What might have remained a dormant diplomatic quarrel gained new urgency in the 21st century. ExxonMobil's discovery of massive offshore oil reserves in Guyana's territorial waters brought billions of dollars into play. Venezuela's economic collapse under Nicolas Maduro made the prospect of reclaiming resource-rich territory more politically attractive at home. In December 2023, Venezuela held a referendum in which voters were asked whether they supported claiming the Essequibo. The results were overwhelmingly in favor, though international observers questioned the turnout figures and the entire exercise. Guyana referred the dispute to the International Court of Justice, which in 2020 ruled it had jurisdiction to hear the case. The proceedings have advanced significantly: Guyana filed its final written brief in December 2024, Venezuela's final written submission is due August 2025, and oral hearings before the Court are expected in the first half of 2026. In May 2025, the ICJ issued provisional measures ordering Venezuela to refrain from conducting elections in the disputed territory, an order Venezuela publicly rejected while continuing to participate in the proceedings. A final binding judgment could come within the next few years. Guyana argues the 1899 award is final; Venezuela contends it was fraudulent from the start.

The Land Itself

While diplomats argue, the Essequibo region goes about its existence.
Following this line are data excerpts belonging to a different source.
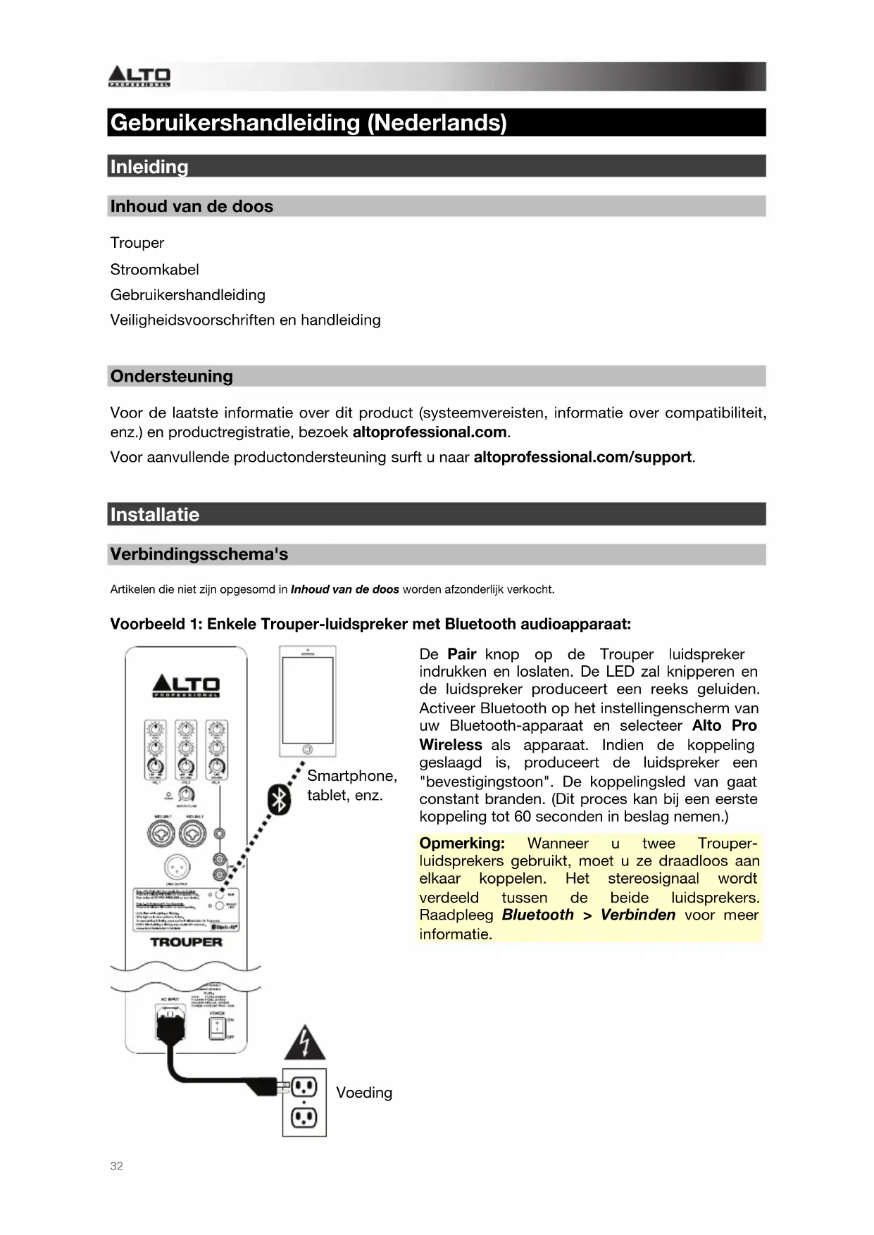 Smartphone, tablet, enz. De Pair knop op de Trouper luidspreker indrukken en loslaten. De LED zal knipperen en de luidspreker produceert een reeks geluiden. Activeer Bluetooth op het instellingenscherm van uw Bluetooth-apparaat en selecteer Alto Pro Wireless als apparaat. Indien de koppeling geslaagd is, produceert de luidspreker een "bevestigingstoon". De koppelingsled van gaat constant branden. (Dit proces kan bij een eerste koppeling tot 60 seconden in beslag nemen.) Opmerking: Wanneer u twee Trouper- luidsprekers gebruikt, moet u ze draadloos aan elkaar koppelen. Het stereosignaal wordt verdeeld tussen de beide luidsprekers. Raadpleeg Bluetooth > Verbinden voor meer informatie. Voeding33
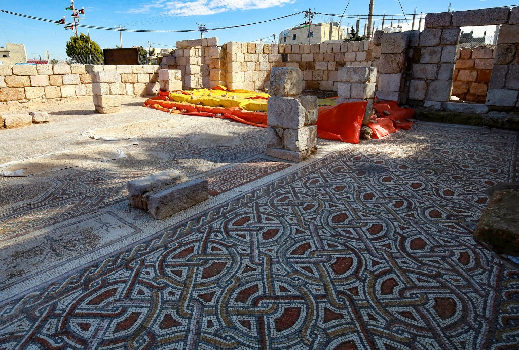 This picture shows the mosaic flooring of the Saint Mary church, built in 543 AD, the restoration of which was recently completed by workers employed by a pilot project run by the UN cultural agency UNESCO, in the small town of Rihab, some 70 kilometres north of the Jordanian capital Amman, on February 9, 2021. In the ruins of the ancient Byzantine church in Jordan, local townspeople and Syrian refugees work side by side on a project that unites preserving cultural heritage and fighting poverty.  Khalil MAZ
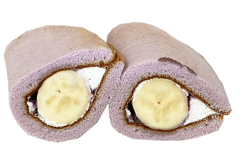 ブルーベリー風味のスポンジ生地の間には、アサイージャムとブルーベリージャム、ヨーグルト風味ホイップクリーム、バナナがサンドされています。
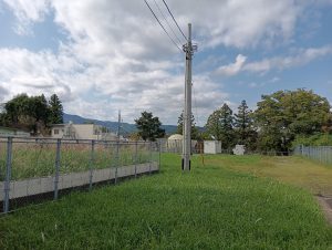 見学では、露場の近くまで歩いて行くことができ、気象観測装置の設置状況やウインドプロファイラ施設を遠目で見学しました。
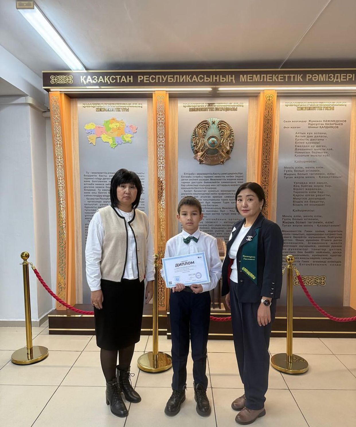 «К. Ушинский атындағы №7 орта мектеп” КММ-нің 3”Ә” сынып оқушысы Ришат Мустафа қалалық “Алтын сақа” математикалық олимпиадасынан 1-орын
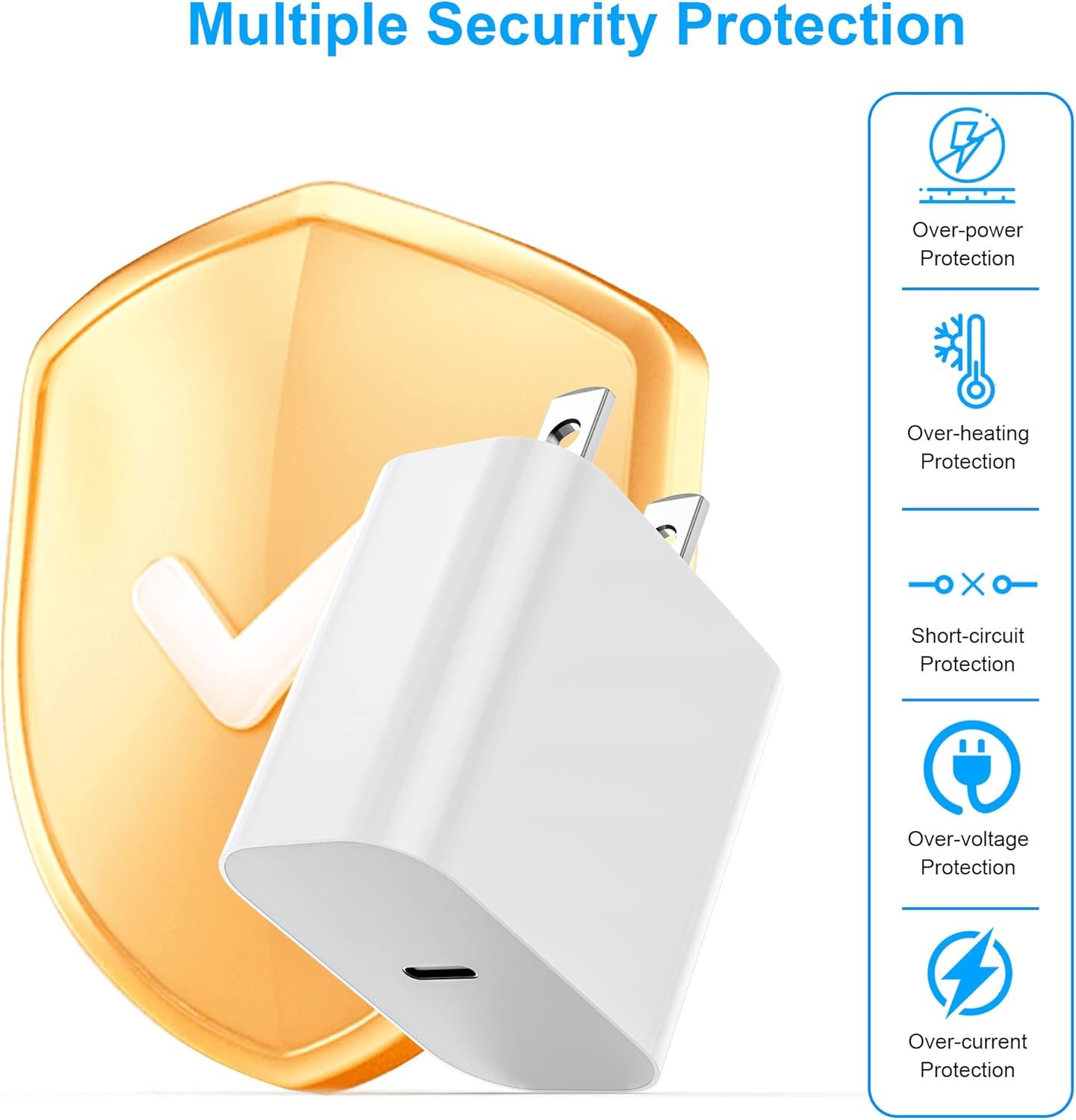 Equipped with USB‑C charger for fast charging at home, in the office, or on the go. This charger block is certified for safety protection, and it features a tough construction to protect against scratches. The charger internal chips protect your devices from Over Heating, Short-Circuiting and Over Charging.
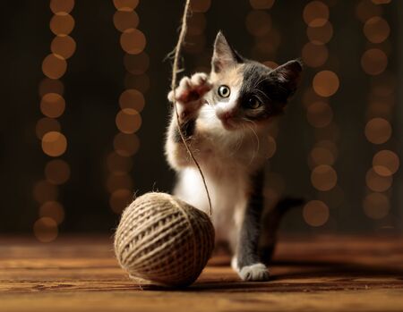 cute small lovely curious baby cat or kitten with white color spotted fur and whiskers playing with thread on twig near straw basket wooden background outdoor
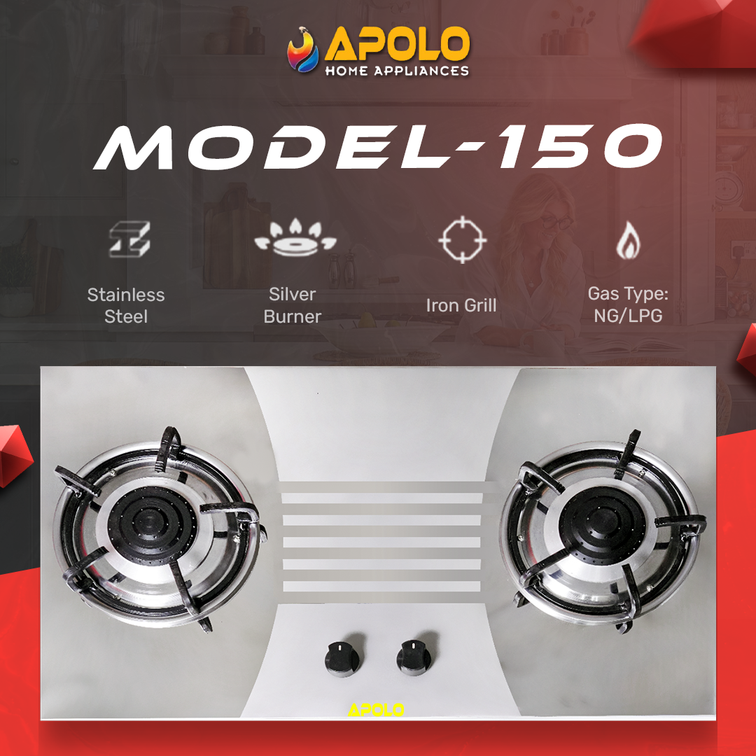 Model 150 - 2 Burner - Manual Hob / Stove - 100% Pure Stainless Steel Top
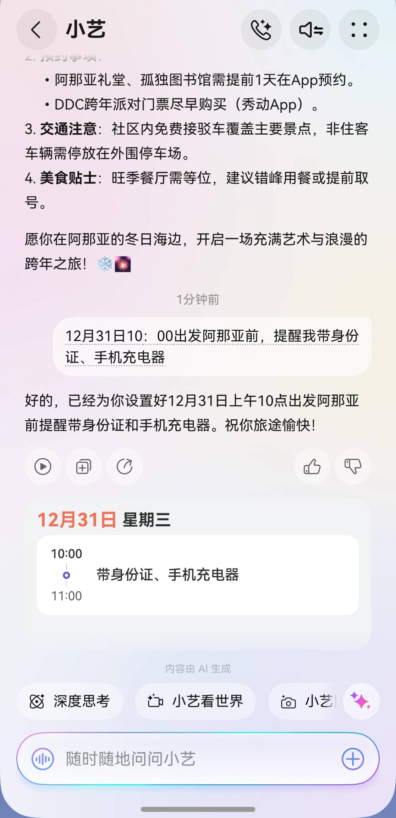 行前准备的细节把控同样关键。担心遗漏随身物品?唤醒小艺设置任务“12月31日出发阿那亚前,提醒我带身份证、手机充电器”,到预定时间后不仅有弹窗提示,连接的华为手表还会同步震动。这种“一句话搞定”的便捷,让行前准备从琐碎负担变为轻松体验。
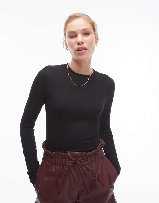 Topshop - Premium - Sort, ribstrikket og langærmet top
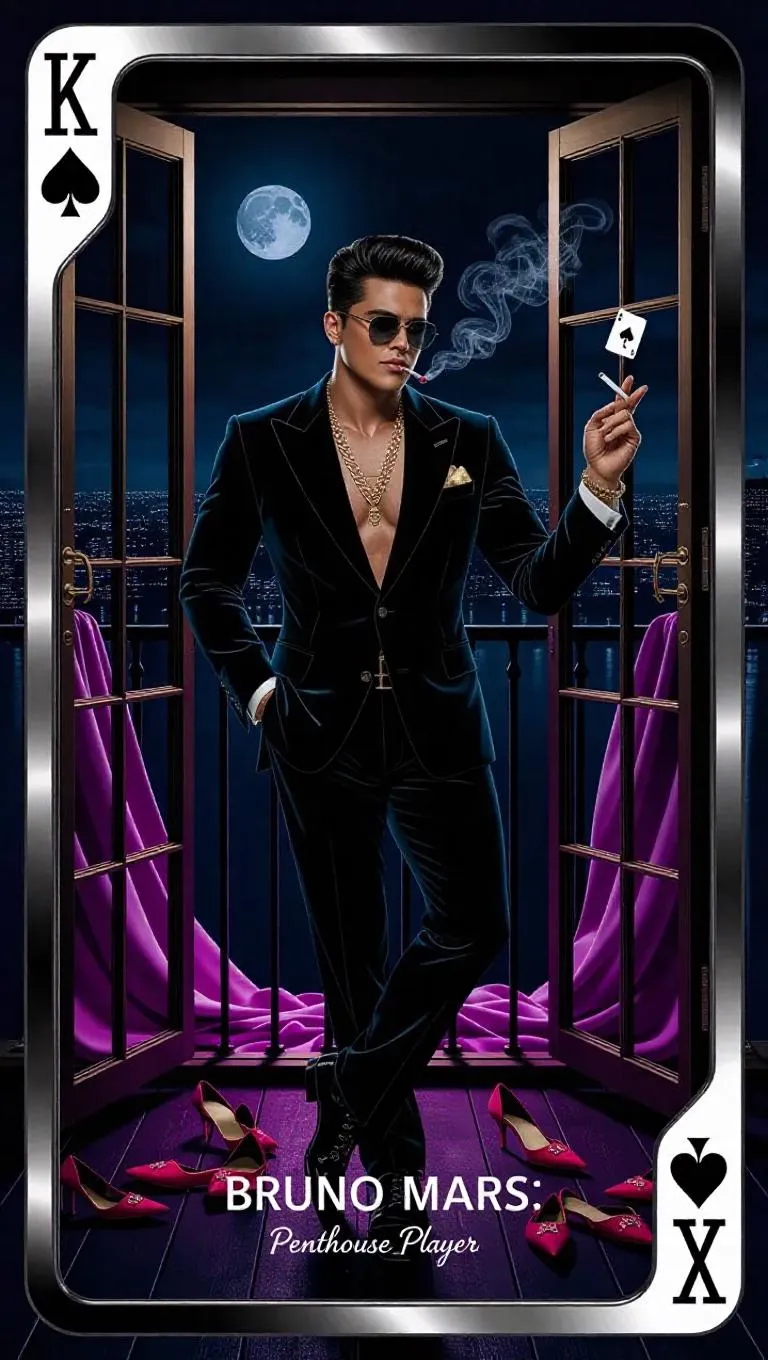 K♠ – Bruno Mars: Penthouse Player Styled in anime noir, card framed in obsidian chrome. Bruno Mars as the King of Spades — suave, dangerous, tailored in black velvet and gold chains. He leans on a balcony edge, cigarette glowing, shades reflecting the APT.’s nightclub lights. Pose: one hand in pocket, the other flicking an Ace of Spades into the wind. Behind him: open sliding glass doors with silk sheets tangled and a trail of red heels left behind. Hair slick, smirk lethal. Background: cityscape night, spotlight moon, faint sparks of fireworks. Card frame: deep black chrome, corners etched with gold spade icons, glitching slightly. Nameplate: “King of Spades – Penthouse Player” Vibe: temptation, dominance, velvet rhythm. ???? Matches lyric: “Sleep tomorrow but tonight go crazy”
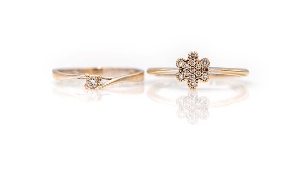 Coppia di anelli in oro e brillanti Oro bianco 750/000. Peso complessivo gr. 4,40 Misura 15
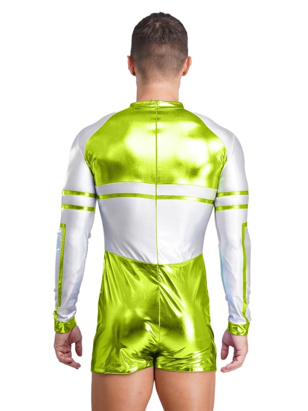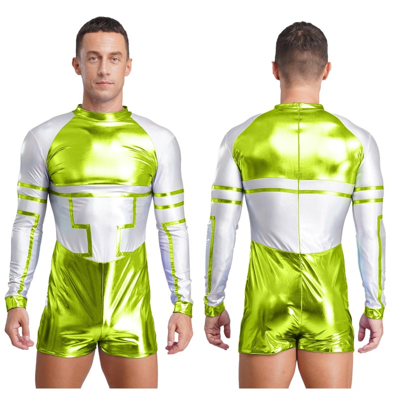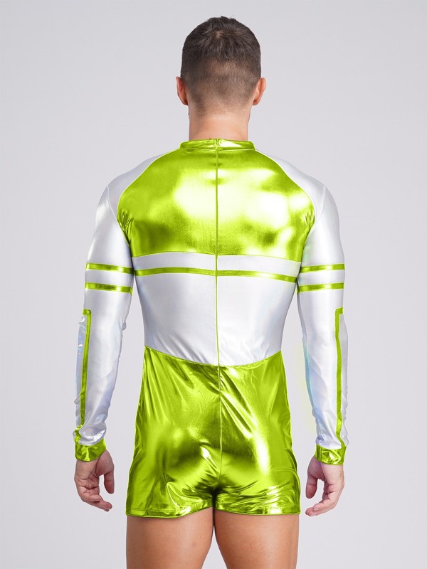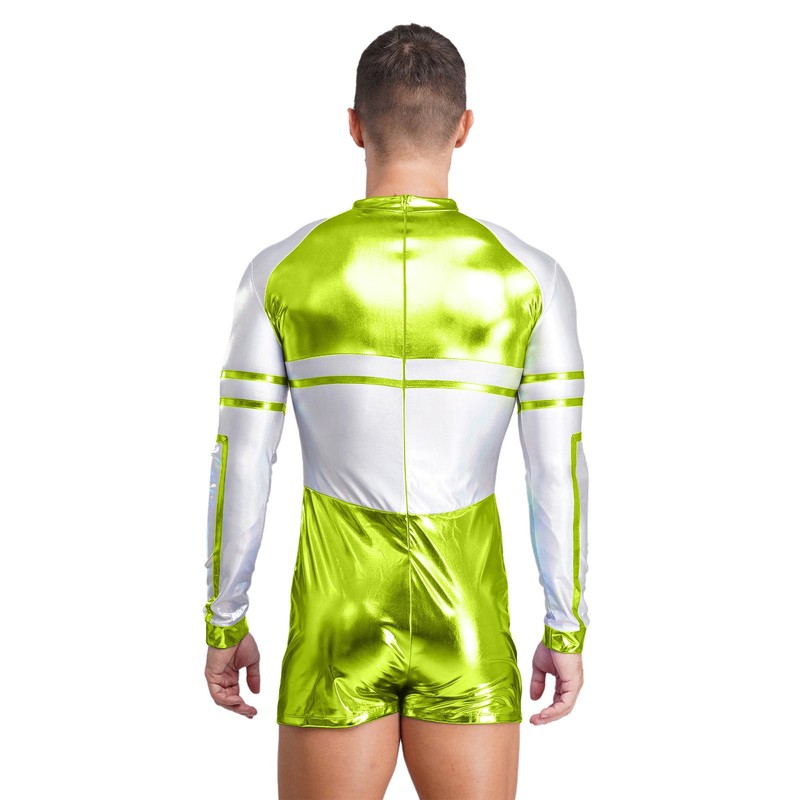 Mens Bodysuit One-Piece Cospaly Back Zip Outerspace Party Astronaut Metallic

It is administered by Guyana as parts of six of its ten regions. The territory includes dense tropical rainforest, the western bank of the Essequibo River -- one of South America's great waterways -- and scattered indigenous communities whose connection to this land predates every European claim by millennia. Ankoko Island, at the confluence of the Cuyuni and Wenamu rivers, is the one piece of disputed territory that Venezuela actually controls, having occupied it in 1966. For most of the Essequibo's residents, the border dispute is an abstraction that occasionally flares into headline-making tension. The forest does not know which country claims it. The rivers cross no boundaries that matter to them.

From the Air

The disputed Essequibo region lies roughly between 1N-8N latitude and 58W-61W longitude, west of the Essequibo River in Guyana. The reference point at 7.00N, 60.00W places the dispute's geographic center in dense jungle. From altitude, the Essequibo River itself is the most visible landmark -- a massive waterway clearly marking the boundary Guyana administers. Nearest major airport: Cheddi Jagan International (SYCJ) in Georgetown, Guyana. On the Venezuelan side, Ciudad Bolivar (SVBL) and Ciudad Guayana are the nearest significant airfields. The terrain is predominantly flat to rolling tropical forest with few visual landmarks at cruise altitude.